> _Task input_:

- Opening Delimiter -

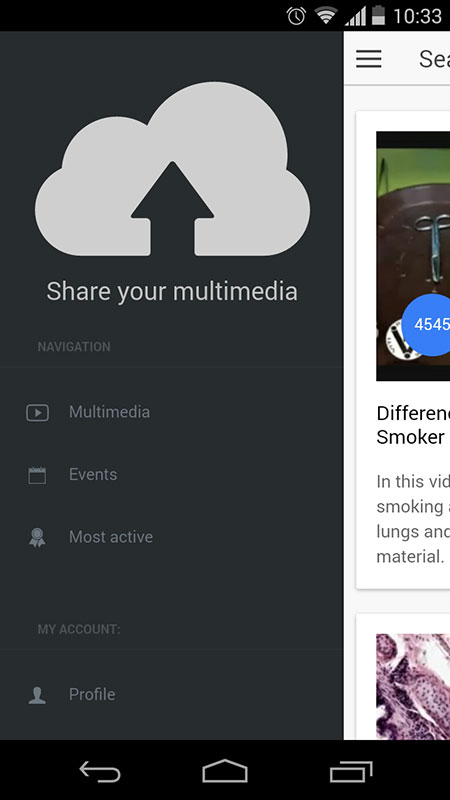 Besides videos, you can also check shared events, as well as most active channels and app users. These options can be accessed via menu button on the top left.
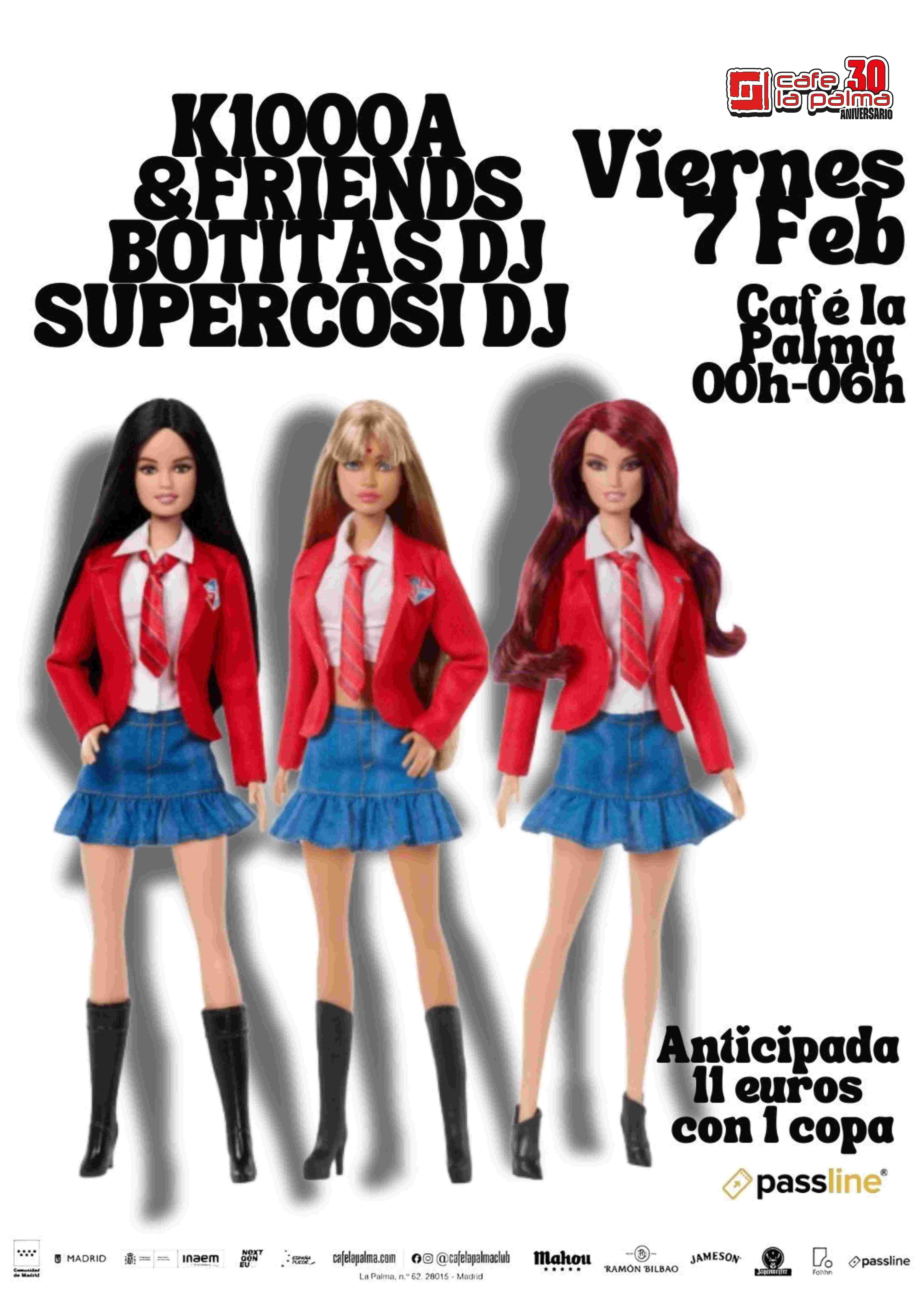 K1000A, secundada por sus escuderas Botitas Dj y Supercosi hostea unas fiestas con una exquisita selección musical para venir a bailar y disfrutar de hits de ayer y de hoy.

- Closing Delimiter -
- Opening Delimiter -

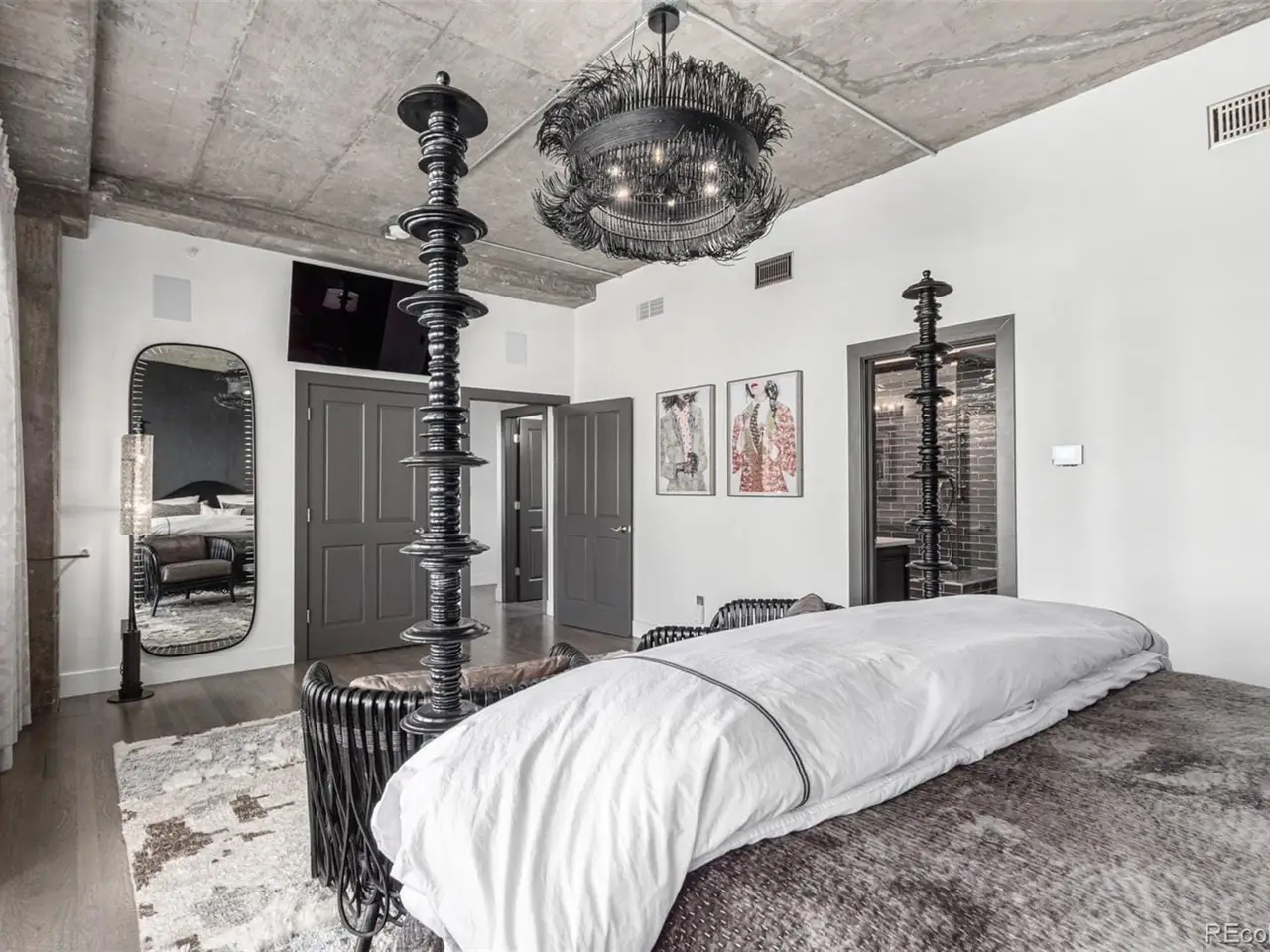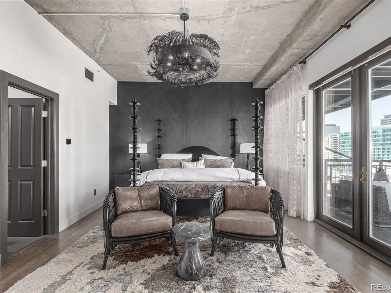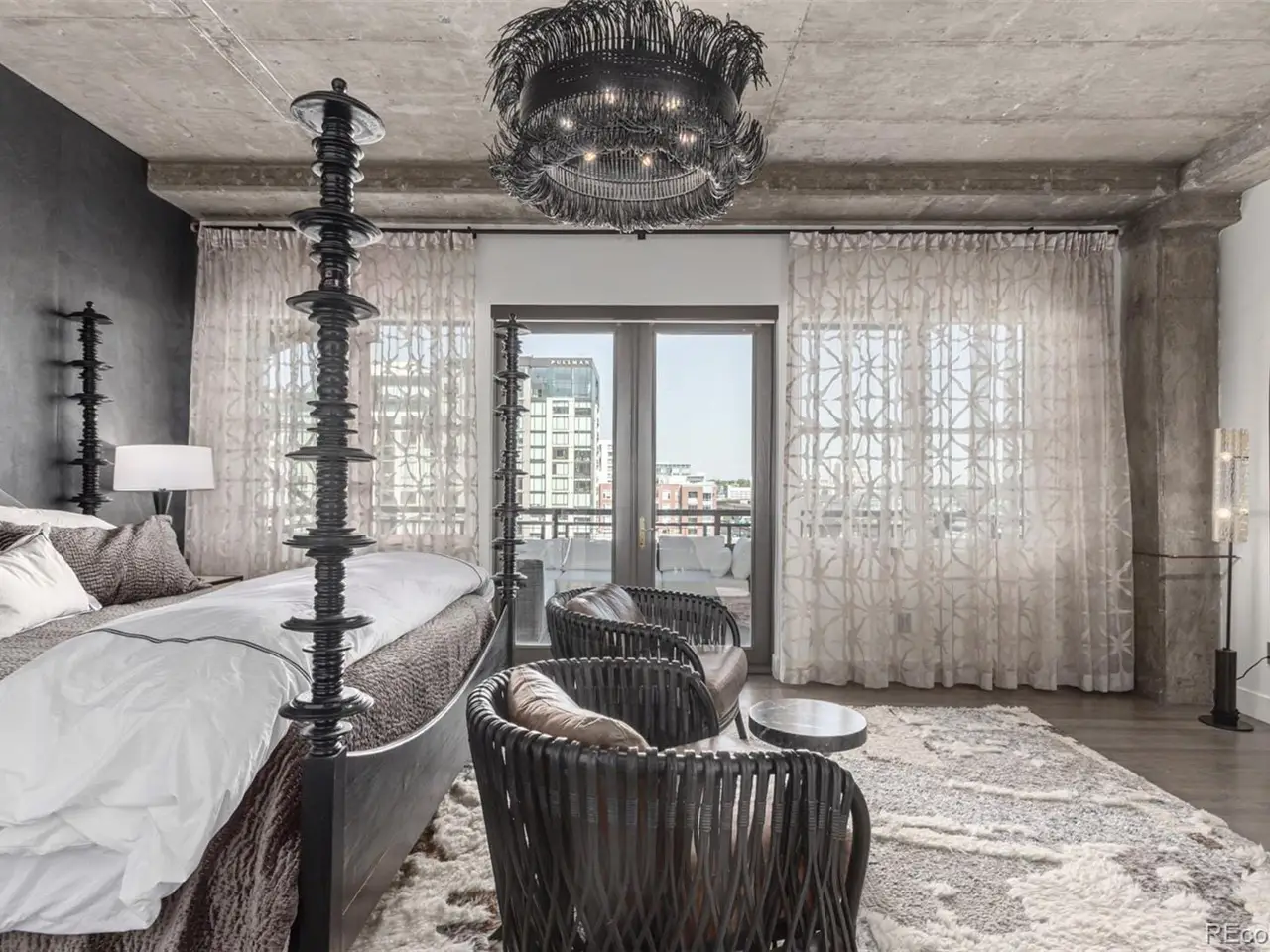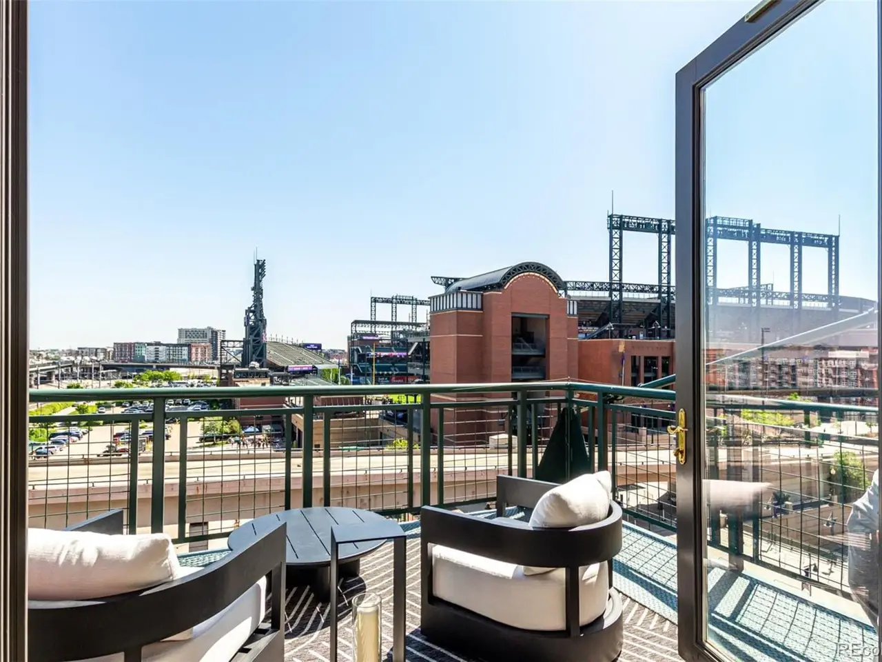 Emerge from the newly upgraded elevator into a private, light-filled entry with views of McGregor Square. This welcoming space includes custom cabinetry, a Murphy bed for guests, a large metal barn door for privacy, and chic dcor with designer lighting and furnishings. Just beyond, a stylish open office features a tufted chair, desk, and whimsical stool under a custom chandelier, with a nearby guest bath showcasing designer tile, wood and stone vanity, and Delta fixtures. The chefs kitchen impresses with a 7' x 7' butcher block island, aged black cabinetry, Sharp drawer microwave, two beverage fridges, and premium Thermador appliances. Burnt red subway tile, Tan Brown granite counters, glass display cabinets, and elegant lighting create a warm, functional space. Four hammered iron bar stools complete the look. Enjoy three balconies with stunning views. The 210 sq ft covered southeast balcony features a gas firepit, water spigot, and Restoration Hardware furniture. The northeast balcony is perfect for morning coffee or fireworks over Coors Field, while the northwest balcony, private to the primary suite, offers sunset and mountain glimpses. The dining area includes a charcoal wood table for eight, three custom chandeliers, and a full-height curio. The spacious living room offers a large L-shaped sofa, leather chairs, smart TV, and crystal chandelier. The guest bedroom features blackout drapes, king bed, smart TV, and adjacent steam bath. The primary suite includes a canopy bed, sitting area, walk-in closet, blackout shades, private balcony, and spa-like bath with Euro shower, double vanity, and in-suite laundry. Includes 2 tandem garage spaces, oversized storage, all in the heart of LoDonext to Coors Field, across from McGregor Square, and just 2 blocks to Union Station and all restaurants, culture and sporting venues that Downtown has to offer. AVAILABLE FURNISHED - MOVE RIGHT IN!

- Closing Delimiter -
- Opening Delimiter -

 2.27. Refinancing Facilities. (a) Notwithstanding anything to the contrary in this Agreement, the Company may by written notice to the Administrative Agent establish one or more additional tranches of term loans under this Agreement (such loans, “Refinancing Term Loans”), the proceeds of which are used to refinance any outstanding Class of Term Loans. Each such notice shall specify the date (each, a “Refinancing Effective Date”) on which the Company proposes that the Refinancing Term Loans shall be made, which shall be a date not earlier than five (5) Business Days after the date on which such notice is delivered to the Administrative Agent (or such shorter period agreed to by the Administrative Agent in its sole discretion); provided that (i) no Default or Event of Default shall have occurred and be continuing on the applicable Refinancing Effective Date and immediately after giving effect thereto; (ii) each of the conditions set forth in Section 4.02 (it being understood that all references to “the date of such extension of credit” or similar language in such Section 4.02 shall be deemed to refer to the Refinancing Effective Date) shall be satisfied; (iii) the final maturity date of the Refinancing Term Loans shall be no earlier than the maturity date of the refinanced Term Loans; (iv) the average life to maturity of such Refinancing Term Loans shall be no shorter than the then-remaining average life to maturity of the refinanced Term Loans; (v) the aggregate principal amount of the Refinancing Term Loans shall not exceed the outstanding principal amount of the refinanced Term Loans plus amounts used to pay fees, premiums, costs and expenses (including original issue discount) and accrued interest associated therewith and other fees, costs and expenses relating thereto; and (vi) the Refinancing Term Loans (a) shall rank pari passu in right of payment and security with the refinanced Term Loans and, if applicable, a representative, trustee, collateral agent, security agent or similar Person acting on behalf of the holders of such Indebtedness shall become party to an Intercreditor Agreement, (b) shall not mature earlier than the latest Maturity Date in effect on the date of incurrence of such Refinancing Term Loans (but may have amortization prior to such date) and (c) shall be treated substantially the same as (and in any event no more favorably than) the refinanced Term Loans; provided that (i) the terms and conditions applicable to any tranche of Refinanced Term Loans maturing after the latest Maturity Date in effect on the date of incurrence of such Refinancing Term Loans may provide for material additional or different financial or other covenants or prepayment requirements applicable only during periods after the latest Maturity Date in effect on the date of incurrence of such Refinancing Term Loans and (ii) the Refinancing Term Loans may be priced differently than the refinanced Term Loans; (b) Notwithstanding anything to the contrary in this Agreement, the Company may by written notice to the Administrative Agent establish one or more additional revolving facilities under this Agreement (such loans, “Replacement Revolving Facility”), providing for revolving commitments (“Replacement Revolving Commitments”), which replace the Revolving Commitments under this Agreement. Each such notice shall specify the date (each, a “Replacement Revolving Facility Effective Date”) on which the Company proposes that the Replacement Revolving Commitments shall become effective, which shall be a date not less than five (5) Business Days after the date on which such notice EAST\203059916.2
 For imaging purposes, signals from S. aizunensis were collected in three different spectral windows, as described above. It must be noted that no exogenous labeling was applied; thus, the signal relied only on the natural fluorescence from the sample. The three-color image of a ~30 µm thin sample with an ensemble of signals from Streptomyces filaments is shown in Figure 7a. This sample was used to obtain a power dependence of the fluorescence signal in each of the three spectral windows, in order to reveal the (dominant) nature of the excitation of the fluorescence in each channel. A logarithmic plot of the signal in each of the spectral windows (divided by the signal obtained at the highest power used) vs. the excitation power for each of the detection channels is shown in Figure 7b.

- Closing Delimiter -

> _Your instructions_: In the listing above, find the line with "Besides videos, you" and the line with "K1000A, secundada por". Copy exactly those lines and all between them, minus the images.

> _Answer for this exercise_:
 Besides videos, you can also check shared events, as well as most active channels and app users. These options can be accessed via menu button on the top left.
 K1000A, secundada por sus escuderas Botitas Dj y Supercosi hostea unas fiestas con una exquisita selección musical para venir a bailar y disfrutar de hits de ayer y de hoy.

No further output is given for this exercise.